**WORK TO COMPLETE**:
Down to the last line below, write out every line exactly, starting with the one that contains "特别是我司五大板块结合各自业" and leaving out the pictures.

=== Begin Enclosure ===

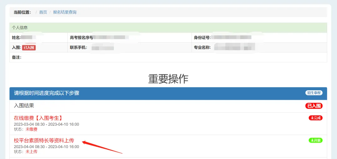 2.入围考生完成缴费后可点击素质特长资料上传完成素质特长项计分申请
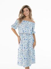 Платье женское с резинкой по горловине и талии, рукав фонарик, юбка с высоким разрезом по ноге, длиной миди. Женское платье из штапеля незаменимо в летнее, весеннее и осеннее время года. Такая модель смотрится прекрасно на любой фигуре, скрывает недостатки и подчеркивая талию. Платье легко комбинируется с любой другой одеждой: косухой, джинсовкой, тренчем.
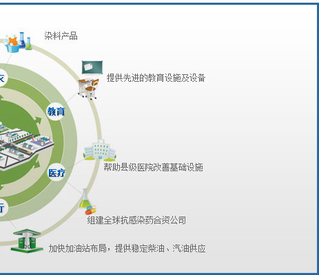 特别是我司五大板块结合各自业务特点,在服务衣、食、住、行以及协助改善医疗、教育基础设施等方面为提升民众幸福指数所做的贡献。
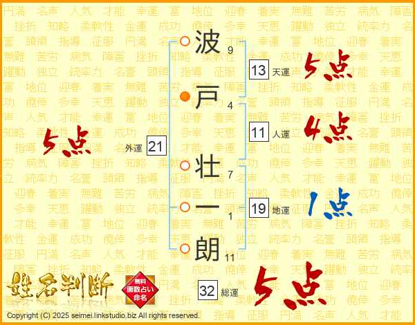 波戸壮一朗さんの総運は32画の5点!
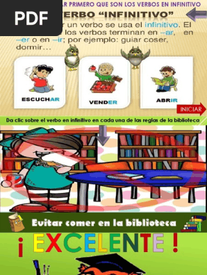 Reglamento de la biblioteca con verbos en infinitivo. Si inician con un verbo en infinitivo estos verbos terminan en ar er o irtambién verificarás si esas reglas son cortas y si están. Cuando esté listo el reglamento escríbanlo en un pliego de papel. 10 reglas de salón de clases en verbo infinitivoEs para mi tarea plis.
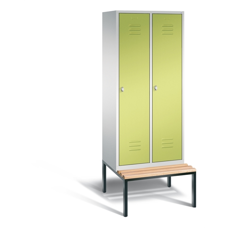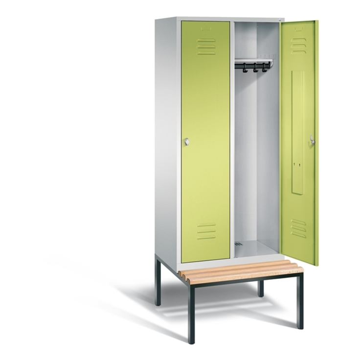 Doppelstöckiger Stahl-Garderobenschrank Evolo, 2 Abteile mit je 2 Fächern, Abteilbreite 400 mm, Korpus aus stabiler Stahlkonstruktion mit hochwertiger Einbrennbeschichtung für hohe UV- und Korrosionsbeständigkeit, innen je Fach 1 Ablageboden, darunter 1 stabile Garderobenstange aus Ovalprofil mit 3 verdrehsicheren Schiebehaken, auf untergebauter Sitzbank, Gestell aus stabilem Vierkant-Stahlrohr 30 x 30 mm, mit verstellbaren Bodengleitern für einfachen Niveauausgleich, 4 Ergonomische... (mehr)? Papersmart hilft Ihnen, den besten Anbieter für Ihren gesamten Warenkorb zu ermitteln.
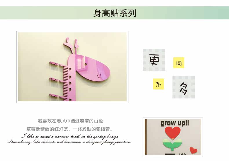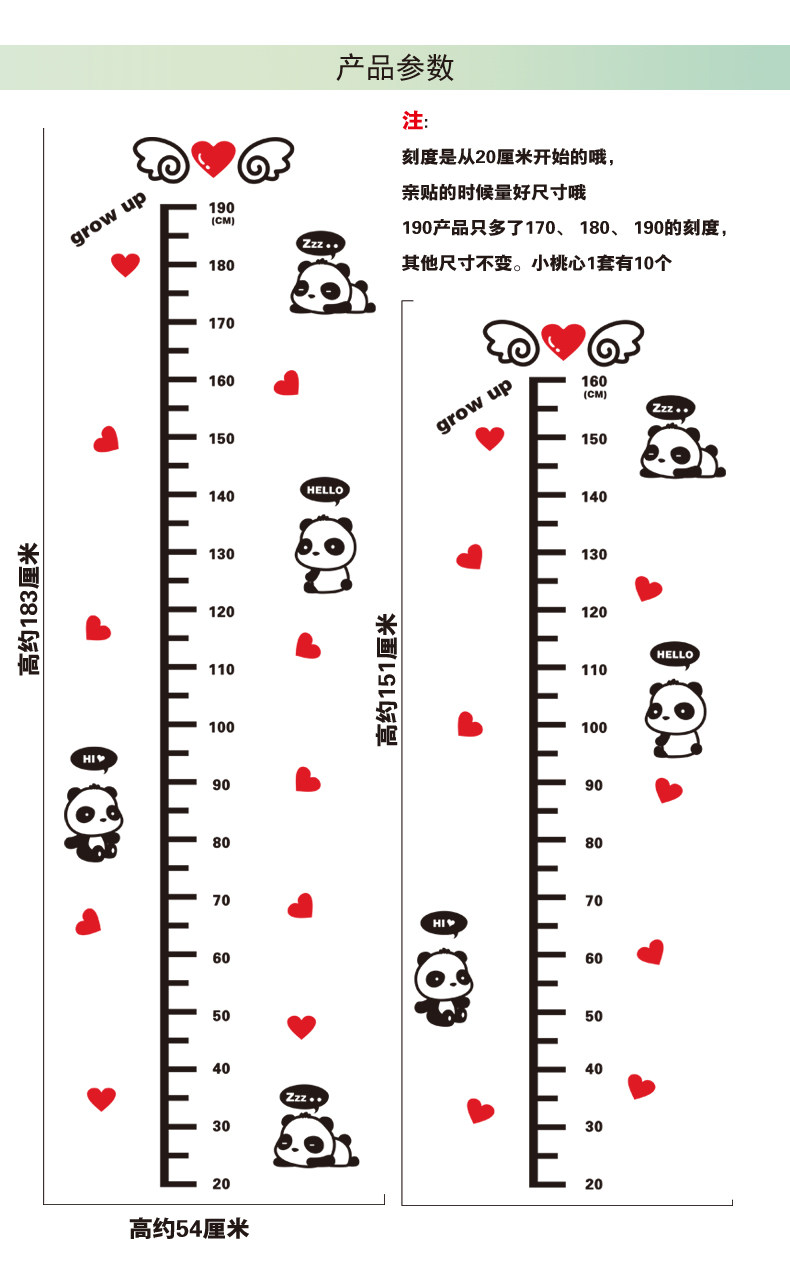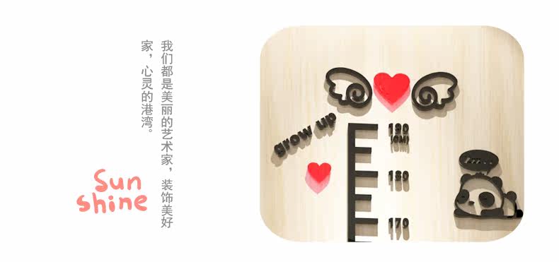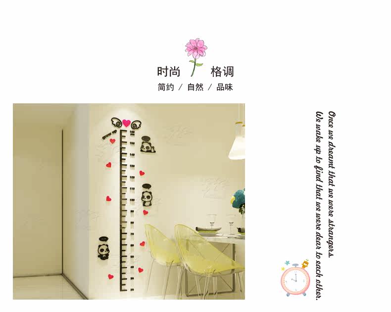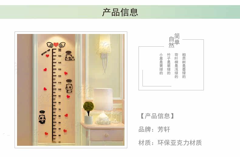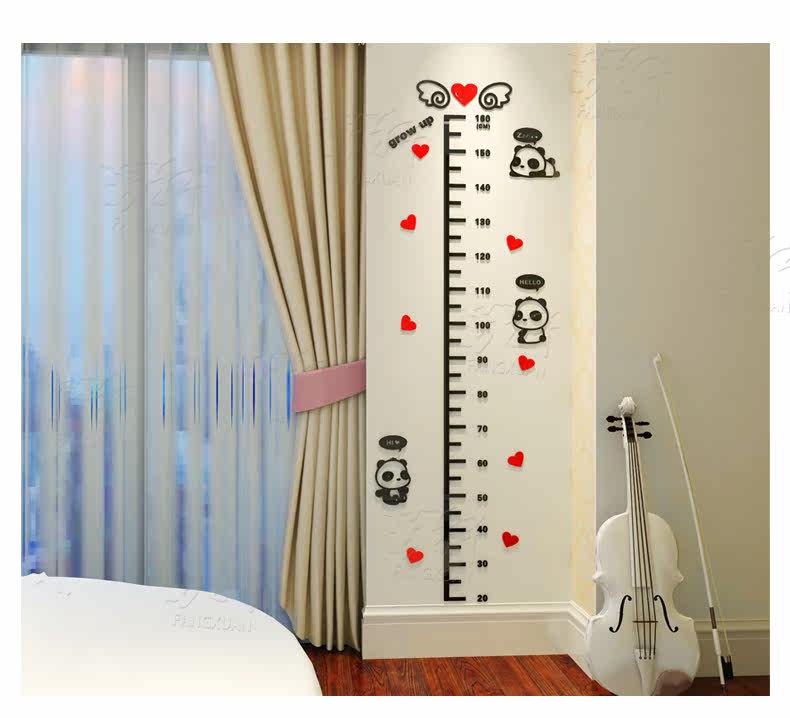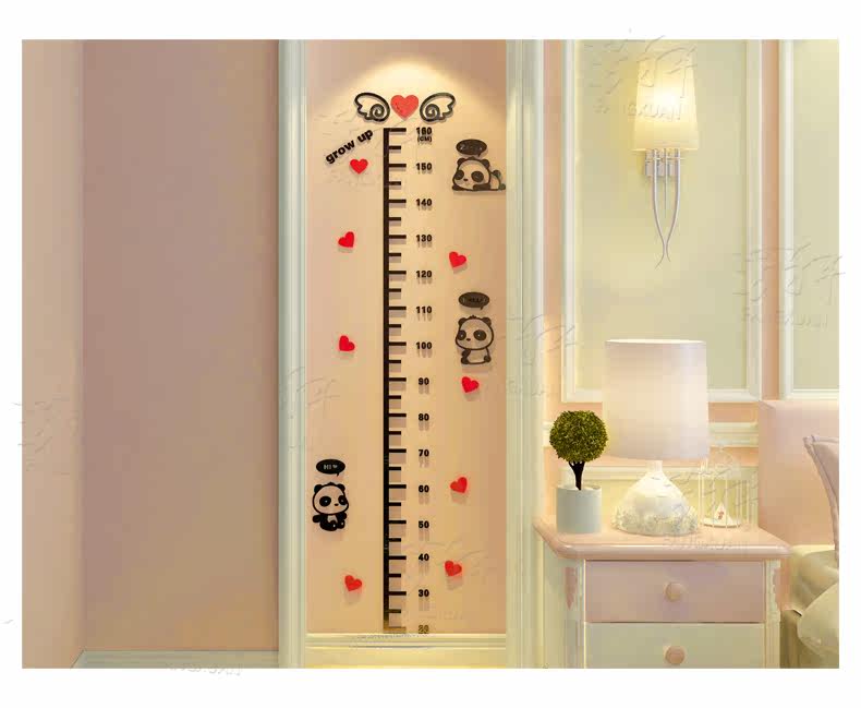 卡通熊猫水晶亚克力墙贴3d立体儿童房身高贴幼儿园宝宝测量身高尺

=== End Enclosure ===

**EXERCISE RESPONSE**:
 特别是我司五大板块结合各自业务特点,在服务衣、食、住、行以及协助改善医疗、教育基础设施等方面为提升民众幸福指数所做的贡献。
 波戸壮一朗さんの総運は32画の5点!
 Reglamento de la biblioteca con verbos en infinitivo. Si inician con un verbo en infinitivo estos verbos terminan en ar er o irtambién verificarás si esas reglas son cortas y si están. Cuando esté listo el reglamento escríbanlo en un pliego de papel. 10 reglas de salón de clases en verbo infinitivoEs para mi tarea plis.
 Doppelstöckiger Stahl-Garderobenschrank Evolo, 2 Abteile mit je 2 Fächern, Abteilbreite 400 mm, Korpus aus stabiler Stahlkonstruktion mit hochwertiger Einbrennbeschichtung für hohe UV- und Korrosionsbeständigkeit, innen je Fach 1 Ablageboden, darunter 1 stabile Garderobenstange aus Ovalprofil mit 3 verdrehsicheren Schiebehaken, auf untergebauter Sitzbank, Gestell aus stabilem Vierkant-Stahlrohr 30 x 30 mm, mit verstellbaren Bodengleitern für einfachen Niveauausgleich, 4 Ergonomische... (mehr)? Papersmart hilft Ihnen, den besten Anbieter für Ihren gesamten Warenkorb zu ermitteln.
 卡通熊猫水晶亚克力墙贴3d立体儿童房身高贴幼儿园宝宝测量身高尺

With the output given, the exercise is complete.